And all this is why we're governed now by a minority government much further to the right of an already right-leaning population.
People in urban areas don't have the same influence with their vote, which combined with gerrymandered districts can make it look to them as if voting won't do much.
The pattern with most American cities is very predictable - an urban core that used to be poor but is now gentrified and expensive if the economy is good, patches of older suburbs near the core that tend to be lower income to middle class, and an outer exurbia (often outside the ring road, a freeway circling the city) that has most of the new job growth, the upper middle class, and the Republican voters.
Since cities like Houston, Dallas and Phoenix are being built on flat ground they follow this pattern closely, and if you are new in town, you can predict where you can find things based on it.
Rural economies are anything outside the exurbia and for years have had little job growth, if any, and outmigration.
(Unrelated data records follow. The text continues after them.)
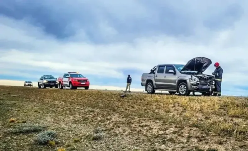 Una camioneta que viajaba por Santa Cruz terminó con la trompa hecha pelota tras cruzarse con un guanaco, pero los tres pasajeros salieron caminando y sanos como una manzana.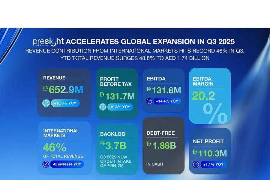 Thomas Pramotedham, Chief Executive Officer of Presight, said: “Presight delivered a strong third-quarter performance, powered by our twin engines of growth through strengthened partnerships with UAE federal entities and the continued expansion of our international footprint. This balanced approach positions Presight as the UAE’s trusted AI partner, and a leading regional exporter of AI and digital transformation services across the Middle East, Central and South-East Asia, Africa and Europe. We continue to drive sustained growth, a healthy backlog, and long-term value creation for our stakeholders.”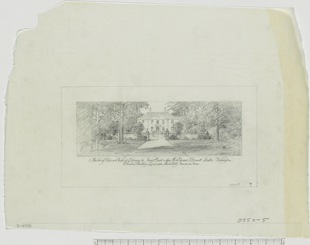 Sketch of Posts and Walls at Entrance to Fore Court for Mr. Edward I. Garrett, Seattle, Washington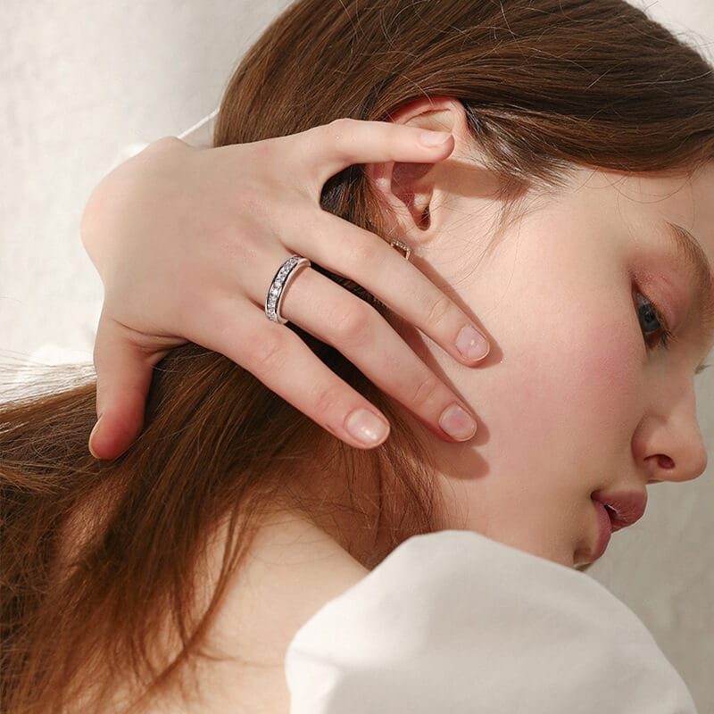 Moissanite Wedding Band Ring with 925 Sterling Silver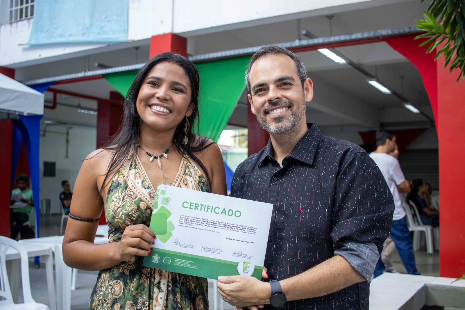 Gabriella Luz, cujo nome nativo é Anhangá, é aluna do 8º período do curso de Ciências Biológicas do Campus São Cristóvão. De origem tupinambá, ela também ficou bastante surpresa ao ser premiada com o 1º lugar da área temática Ciências Humanas com o projeto “Povos indígenas na preservação do bioma Mata Atlântica: reflexões sobre práticas tradicionais e sustentabilidade ambiental”.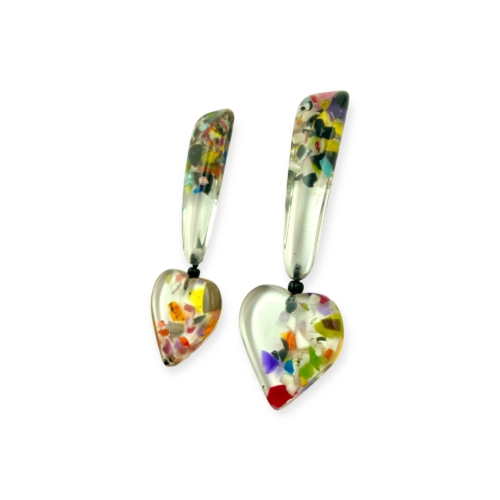 Experience the magic of wearable art with these heart-shaped earrings from Atelier 1701. The long, elegant tops are infused with a captivating blend of colors, gracefully transitioning into the heart-shaped pendants below. Each piece is meticulously handcrafted, showcasing a clear resin base filled with vibrant multicolored fragments. These earrings are perfect for adding a touch of playful sophistication to any outfit, reflecting the unique artistry and craftsmanship that Atelier 1701 is known for. Please note, the picture is a reference as each piece is unique.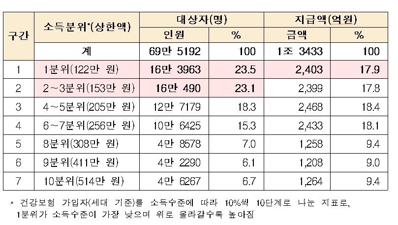 실제 적용 대상자의 약 47%가 소득분위 하위 30% 이하에 해당했으며, 지급액은 소득분위 하위 10%가 전체 지급액의 17.9%를 차지해 다른 소득분위별 지급액 비율(8.4∼10%)보다 약 2배 높은 것으로 나타났다.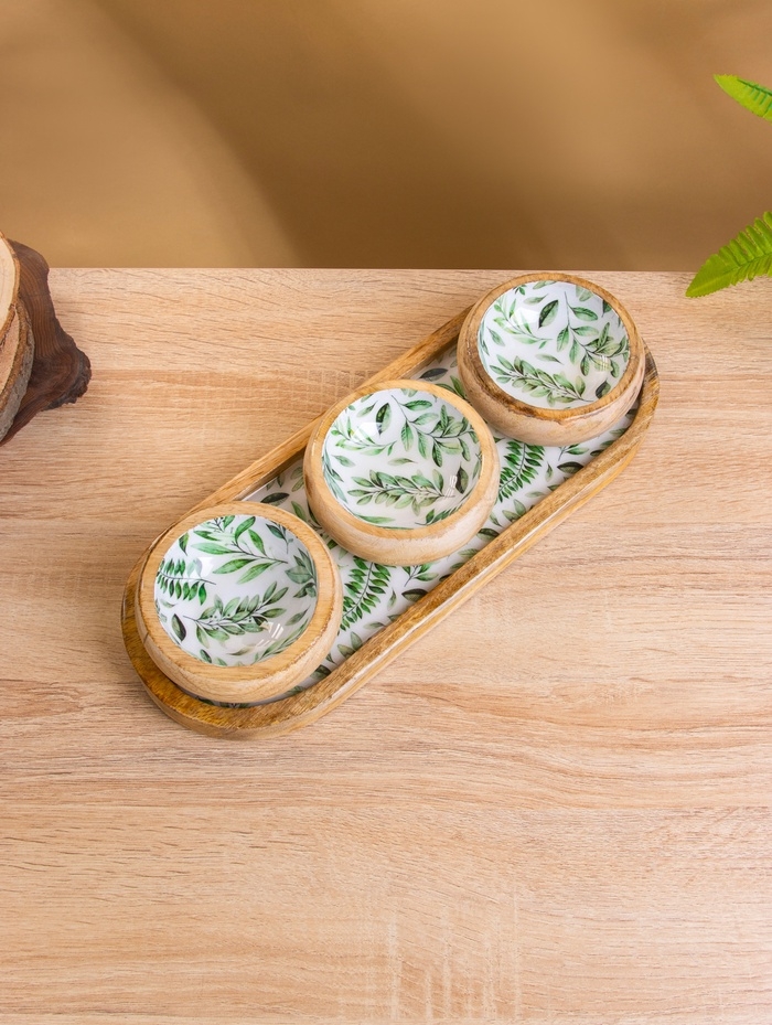 Набор розеток на подносе "Оливковая ветвь" (3 шт) дерево манго 33,5х13х6,5 см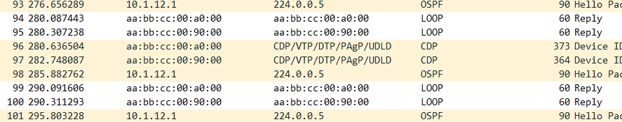 하지만, 와이어샤크에서는 hello packet은 여전히 올라오고 있다. OSPF 설정이 사라진건 아니기 떄문.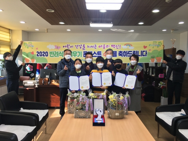 한편, 반려식물키우기 운동은 실내 공기질 개선과 정서 안정을 위해 2019년부터 추진 중인 참여 프로그램으로 2019년 4개교 700명, 2020년 8개교 1350명 등 초등학생 2050명이 참여하고 있다. 이번 시상식은 코로나19 확산을 방지하기 위해 학교별 개별 시상으로 진행됐다.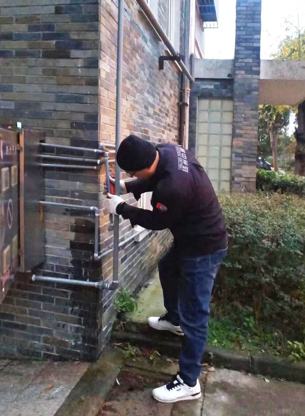 2023年12月10日,恰逢周日,當天上午,佳家花園65號樓棟居民打電話到揚州中燃公司客服熱線,報修家中燃氣無法使用。在班的客服部維修工周洋同志接到報修單后趕赴現場,經反復勘查,發現燃氣管道進水造成無法正常供氣,遂聯系了住在佳家花園的客服維修同事韋衛梁。“燃氣管道里面的水從哪兒來的?源頭在哪里?”,帶著這樣的疑問,兩位師傅在物業工作人員的配合下挨家挨戶排查,發現該樓棟402室置換的新熱水器水管接到了燃氣管內所致,告知戶主后,隨即關閉了該戶氣閥、水閥消除安全隱患。該樓棟共四個單元計48戶業主,燃氣表全部出戶統一安裝于一樓表箱內。在向客服部負責人報告后,兩位師傅結合現場實際情況,初步判斷行之有效的解決方案是逐一拆卸氣表和表后管道排水,沒有捷徑可行。

This concentrates the retired voters who are the base.
It also makes the party conflict a generational war between a home-owning older Republican voter and a young voter who has migrated away from home in search of work or education and has few assets.
I have the impression migration is less in Europe? Regions would then mean more. Here many, many middle class people live far from their parents, although that has been slowing down as real wages stagnate.
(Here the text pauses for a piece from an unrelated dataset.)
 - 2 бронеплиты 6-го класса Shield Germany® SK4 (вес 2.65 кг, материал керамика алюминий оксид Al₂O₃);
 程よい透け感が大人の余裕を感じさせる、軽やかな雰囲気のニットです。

So you can pretty much predict how a neighborhood will vote if you know its racial composition and its average age, with the exception being hard core religious areas.
If I want to find liberal Dems, I look for a suburb near a university. If I want to find conservative Republicans, I head out of town. We don't have many cities with strong local personalities. There are some: for example, Salt Lake City, Philadelphia, San Antonio - but if you're looking at a liberal enclave, it's going to be pretty similar anywhere you find it.
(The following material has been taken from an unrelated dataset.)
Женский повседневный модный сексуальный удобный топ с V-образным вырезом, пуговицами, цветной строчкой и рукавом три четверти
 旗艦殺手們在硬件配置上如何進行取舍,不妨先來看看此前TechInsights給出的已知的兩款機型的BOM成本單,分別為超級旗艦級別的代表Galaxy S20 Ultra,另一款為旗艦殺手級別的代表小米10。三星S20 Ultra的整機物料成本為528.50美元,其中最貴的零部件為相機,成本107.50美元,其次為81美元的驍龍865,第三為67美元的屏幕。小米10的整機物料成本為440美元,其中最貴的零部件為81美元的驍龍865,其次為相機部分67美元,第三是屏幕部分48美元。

This is part of the Republican dilemma - sensible conservatives being outnumbered by pockets of the hyper religious and the elderly. And the problem with the Democrats is the tension between multigenerational minority urban neighborhoods and nomadic, middle and upper middle class voters mostly in their own enclaves either in exurbia or the expensive gentrified core.
This situation is neatly set up to disenfranchise younger voters who lack wealth.